Datasets core by ThomSerg · Pull Request #900 · CPMpy/cpmpy

ThomSerg · 2026-04-01T14:00:58Z

A first PR in a larger sequence of upcoming ones, bringing the work on datasets, IO and benchmarks from branch benchmark_datasets into master. Tried to keep it as minimal as possible, also with just a single dataset implementation; XCSP3Dataset. In some places you will notice some placeholders / things that don't seem needed right now but that future PRs will use to build upon. Some of these are labelled with "TODO".

OrestisLomis

I think it is really nice! Some questions about the class hierarchy remain for me, please have a look. Few more small comments as well

OrestisLomis · 2026-04-15T11:44:14Z

+        }
+
+
+class IndexedDataset(Dataset):


Why is this functionality not directly in Dataset? I do not really see what kind of data would not be implementable in an indexable way. Is it for instance generator datasets?
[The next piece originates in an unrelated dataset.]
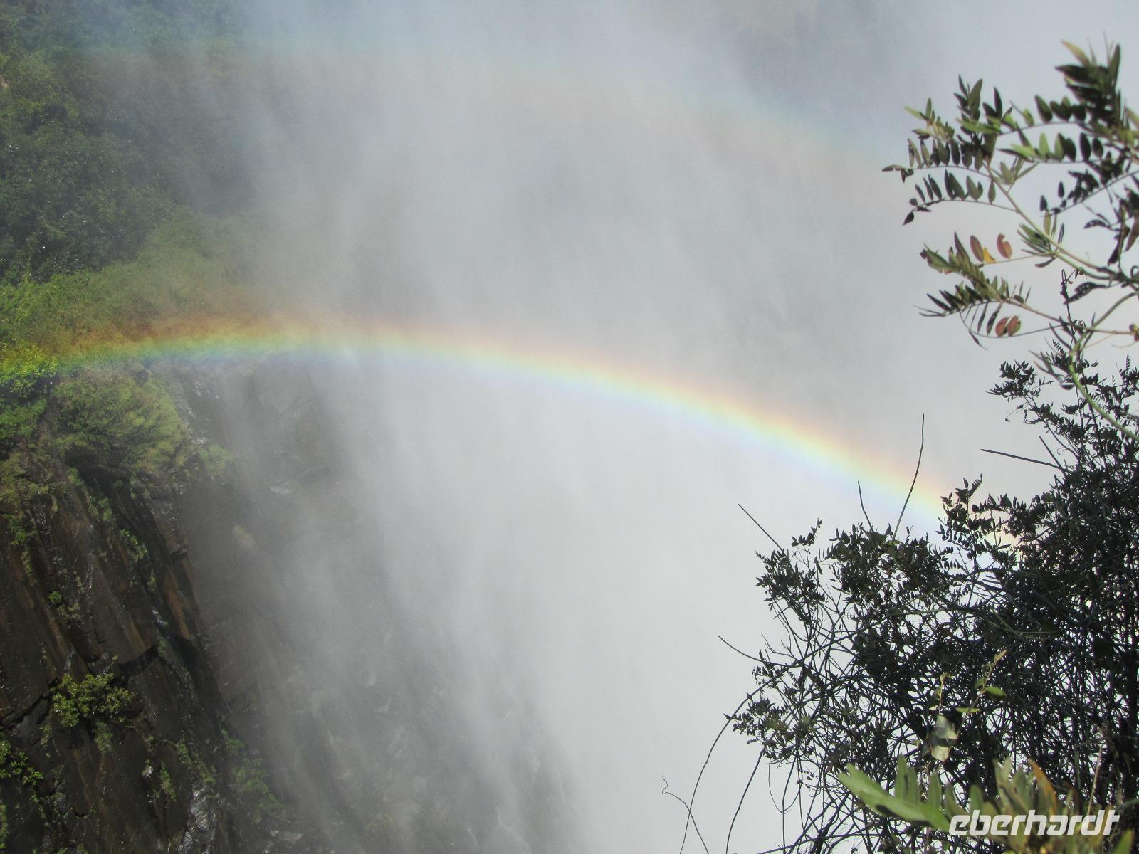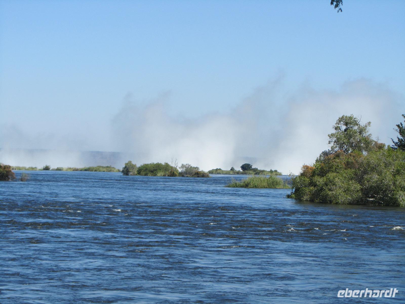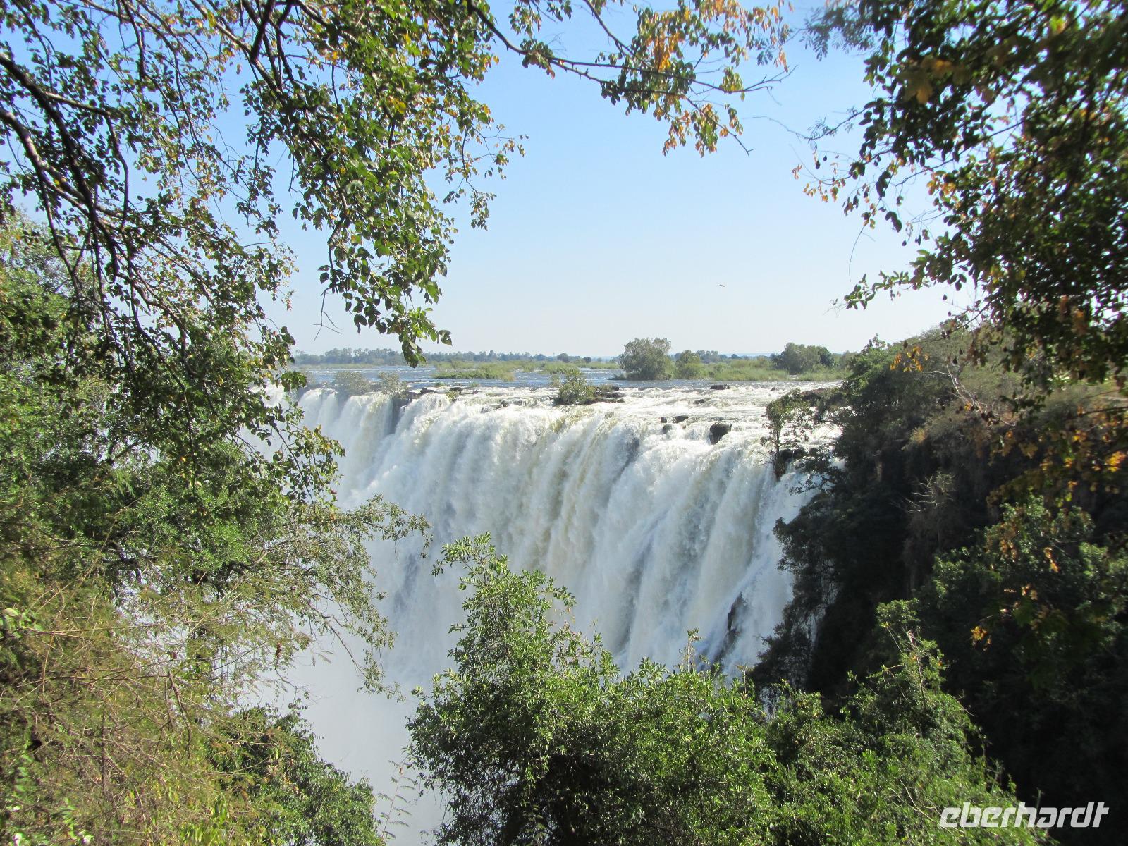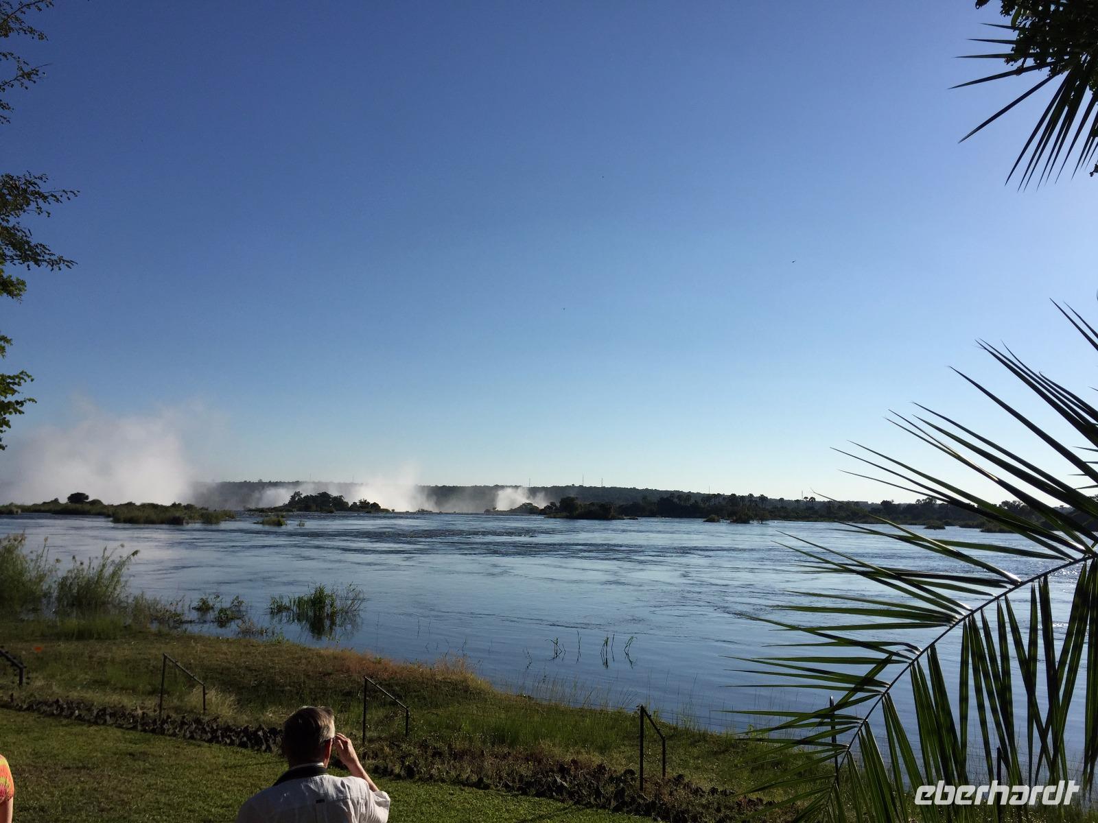 Heute war ein entspanntes Programm, gemütlich nach dem Frühstück traf ich mich, mit denen die wollten an der Rezeption um schließlich gemeinsam zu den Victoria Wasserfällen zugehen, welche in dieser Jahreszeit sehr gut gefüllt waren. Vom Hotel erreichten wir in wenigen Minuten den Grenzfluss Sambesi mit seinen dazugehörigen Wasserfällen. Wer konnte und wollte, zog hier lieber ein Regenponcho an und versteckte vor allem seine Kamera. Wir gehen ein ganzes Stück und schließlich konnten wir nichts mehr so richtig erkennen, weil von überall Wasser kam. Die Gischt der Wasserfälle war so stark, dass wir alle die keinen Poncho übergezogen hatten komplett nass waren. Doch das machte uns gar nichts aus, denn die Sonne schien bei herrlichen 29 Grad und so wurden wir wieder schnell trocken.

Any dataset in which the instances must be consumed in order (where random access is not possible). This can for example happen when instances are generated on the spot and this generation process is sequence dependent, e.g. it uses a initial random seed and then goes on from there. Or maybe a very large dataset that is for some reason in one very big file, where reading the entire file into memory is not efficient and it is better to just stream instance by instance. I do agree that for now we don't have a usecase for it, but I wanted to prevent that in the future we or any other contributor couldn't add one of these alternative dataset types due to us hard-coding indexability into the base class. With a very generic and limited base class, these future additions are still a possibility.
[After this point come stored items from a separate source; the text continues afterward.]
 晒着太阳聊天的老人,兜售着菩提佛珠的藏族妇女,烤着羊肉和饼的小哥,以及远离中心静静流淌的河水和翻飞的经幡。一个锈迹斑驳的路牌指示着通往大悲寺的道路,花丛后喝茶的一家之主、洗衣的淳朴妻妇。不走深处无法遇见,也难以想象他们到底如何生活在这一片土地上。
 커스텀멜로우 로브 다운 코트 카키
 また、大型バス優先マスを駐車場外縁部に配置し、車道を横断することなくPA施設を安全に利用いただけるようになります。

After internal discussion, I removed the intermediate IndexedDataset. All datasets now inherit from Dataset, which requires implementation for indexability and iterability. Datasets that are only one of the two are more exception than the norm, so one idea is to just keep the code simple. Though this will cause issues for those datasets (streaming datasets, generator-based datasets), since they will have to through an exception that random access is not allowed. And it's not that nice of a design that the user has to take into account that index-based access could throw an exception for some datasets. In my opinion the previous code for keeping indexability out of the base dataset class is not a lot, but I can also see the other point of view in terms of complexity and maintainability.

I do agree that forcing someone who wants to implement a Dataset to throw errors for abstract functions he doesn't need is maybe not the cleanest design, however I would argue it is also not necessary. Both the cases you mentioned can naturally be iterated over, the indexing is perhaps a little trickier and maybe not so clean, but still possible by naively just starting from the startpoint every time you want to index an instance. This can be improved with hashing/caching perhaps, but up to the implementor.
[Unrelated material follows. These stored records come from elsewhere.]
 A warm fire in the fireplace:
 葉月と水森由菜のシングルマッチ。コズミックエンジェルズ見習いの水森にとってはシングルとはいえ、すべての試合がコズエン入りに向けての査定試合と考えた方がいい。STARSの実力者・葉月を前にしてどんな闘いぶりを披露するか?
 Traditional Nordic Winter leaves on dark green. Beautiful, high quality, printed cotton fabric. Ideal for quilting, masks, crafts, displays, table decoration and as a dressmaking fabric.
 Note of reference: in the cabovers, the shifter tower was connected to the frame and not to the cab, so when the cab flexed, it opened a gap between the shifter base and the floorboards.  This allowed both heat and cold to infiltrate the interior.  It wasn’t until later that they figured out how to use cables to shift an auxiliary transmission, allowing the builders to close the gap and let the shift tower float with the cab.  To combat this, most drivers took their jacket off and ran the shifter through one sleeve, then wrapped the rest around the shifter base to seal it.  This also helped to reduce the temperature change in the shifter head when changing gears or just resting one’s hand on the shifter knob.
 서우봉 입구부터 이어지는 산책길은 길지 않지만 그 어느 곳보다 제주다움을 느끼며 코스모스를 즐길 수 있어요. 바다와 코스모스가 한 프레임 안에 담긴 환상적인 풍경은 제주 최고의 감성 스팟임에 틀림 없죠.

OrestisLomis · 2026-04-15T12:13:39Z

+                print(f"Finished downloading {len(files)} instances")
+
+        files = self._list_instances()
+        if len(files) == 0:


Can we check that the data is not tampered with? Maybe for starters if __len__ is actually hardcoded to be a specific number you can change this line with len(files) != len(self). The tradeoff is that you have to add a lot of hardcoded values for each year/track/... combination for some benchmarks which might not be desirable. What if the benchmark changes size for some reason?

TL;DR I think this is fine, but perhaps think a little about more data correctness guarantees

(response to Orestis' response:)

its OK to work with what we have...

we check/reload the metadata for each instance on disk in any case if I understand the code lower well

(continued response to my response to Orestis' response)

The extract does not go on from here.